Histopathologic findings for SDRIFE are nonspecific,3,4,7 and we see superficial perivascular lymphohistiocytic infiltrates that may include neutrophils or eosinophils.2 Spongiosis may or may not be present.
Cases of SDRIFE caused by vaccines whose components included thiomersal have been reported. Thiomersal was not a component of the COVID-19 vaccines reported. The adjuvant of Comirnaty studied as a possible cause was PEG.

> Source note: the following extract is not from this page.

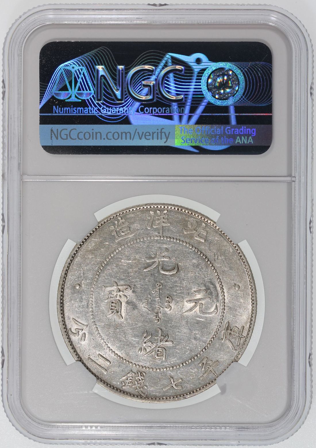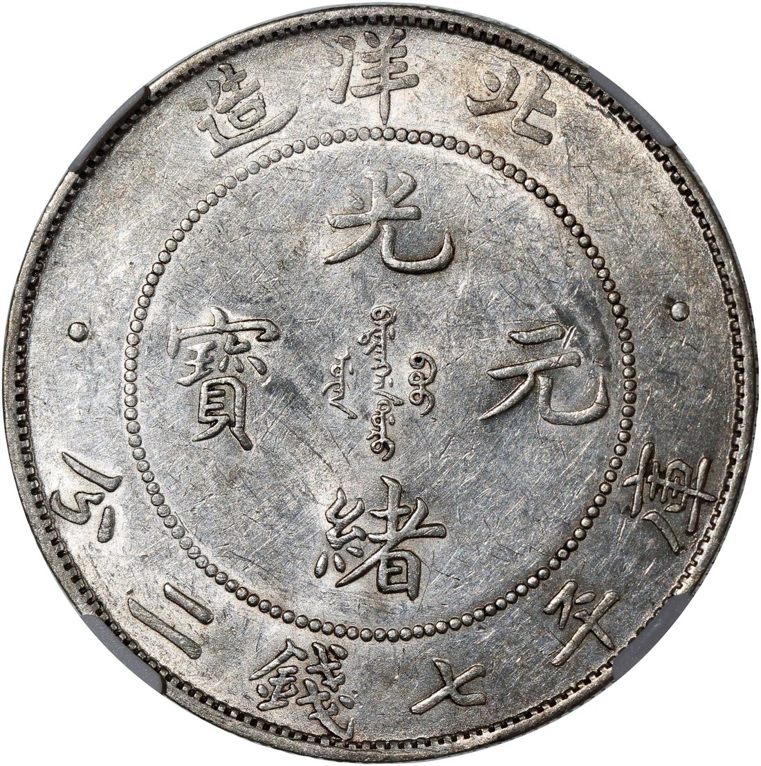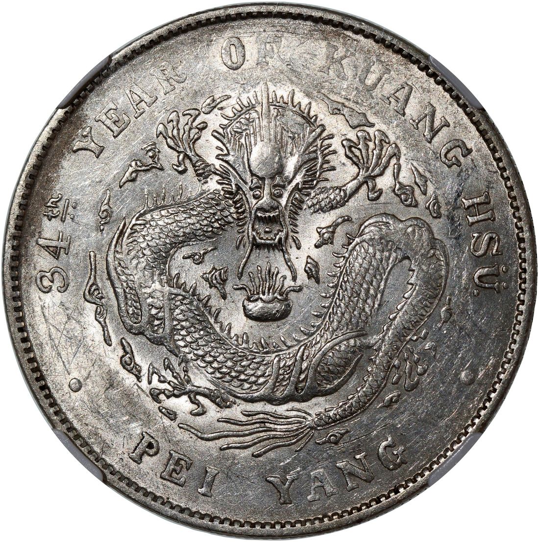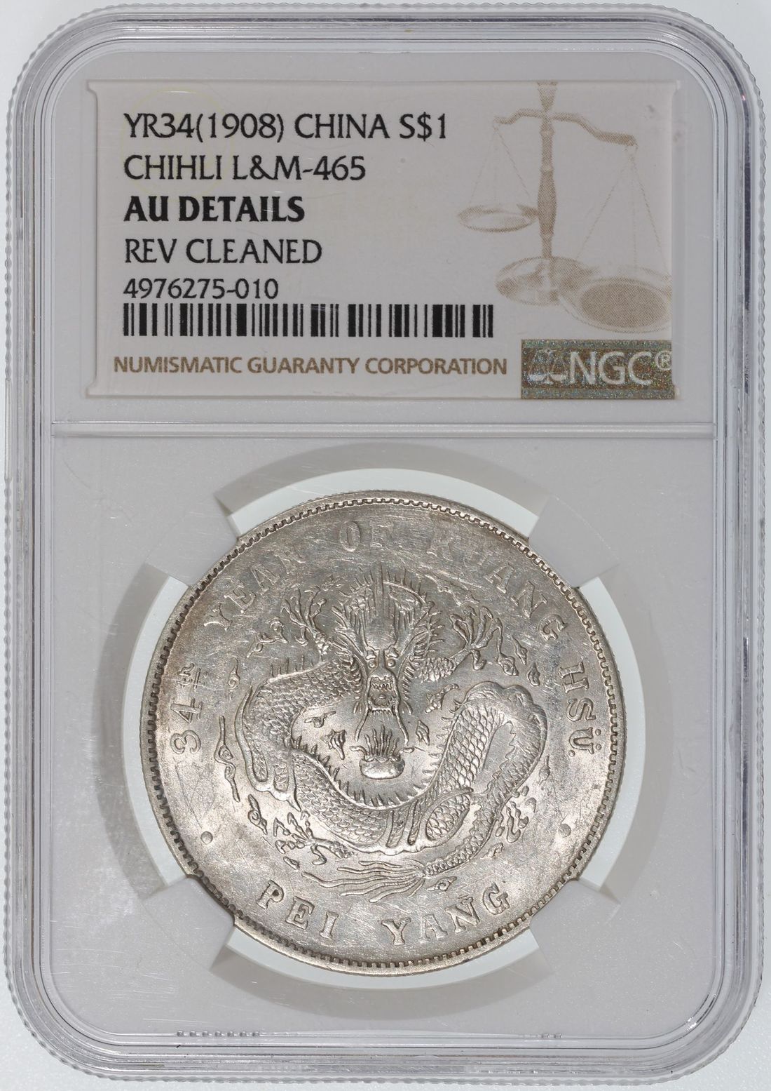 China, Qing Dynasty, Chihli Province, [NGC AU Details] silver dollar, 34th Year of Guang Xu (1908), (LM-465), reverse cleaned. Cert.# 4976275-010. With luster

Patch testing was performed in 4 of the cases of SDRIFE caused by COVID-19 vaccine described above,3,6,10 with a positive result for nickel in one.3 Prick testing yielded a negative result in 3 patients.6,10 Patch testing and prick testing can yield negative results, probably owing to poorer systemic absorption of the drugs when they are administered transcutaneously. Intradermal testing with the vaccine was positive in 1 case, although this positive response may have been the consequence of a local immune response in a patient who has already received the vaccine.6 Challenge testing yields positive results in most cases of SDRIFE.2 Challenge testing with COVID-19 vaccine has not been reported. All the patients responded well to topical or oral corticosteroids, with resolution of the skin lesions after a few weeks.
Cases of SDRIFE due to COVID-19 vaccine have been reported since the worldwide roll-out of the vaccination program. We report the case of a patient who developed SDRIFE after his second and third doses of the Comirnaty vaccine.
Conflicts of InterestThe authors declare that they have no conflicts of interest.